Collected data:
====================
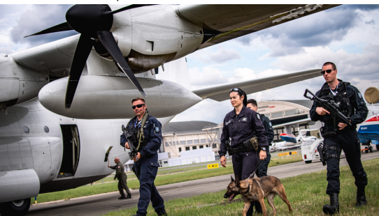
La gendarmerie des Transports Aériens est quotidiennement engagée sur les sites aéroportuaires de métropole et d'outre-mer.

Outre le maintien des objectifs initiaux de l'Amicale fondée en 1991, promotion du lien amical entre ses membres d'une part, et résilience du devoir de mémoire, tant sur l'histoire des FAGN que sur celle des hommes qui l'ont faites, d'autre part. Elle ambitionne désormais :
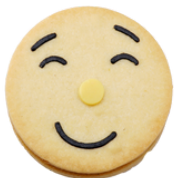
Joy Konfi Füllung

Das feine Standard-Sortiment unseres Spitzbuebs mit verschiedenen Gesichtern und Motiven ist mit fruchtiger Konfitüre oder einer zart schmelzenden Pralinencreme Füllung erhältlich.
====================
Task details: Scan the data for lines containing "Füllung" and copy all of them.

Solution to this task:
Joy Konfi Füllung
Das feine Standard-Sortiment unseres Spitzbuebs mit verschiedenen Gesichtern und Motiven ist mit fruchtiger Konfitüre oder einer zart schmelzenden Pralinencreme Füllung erhältlich.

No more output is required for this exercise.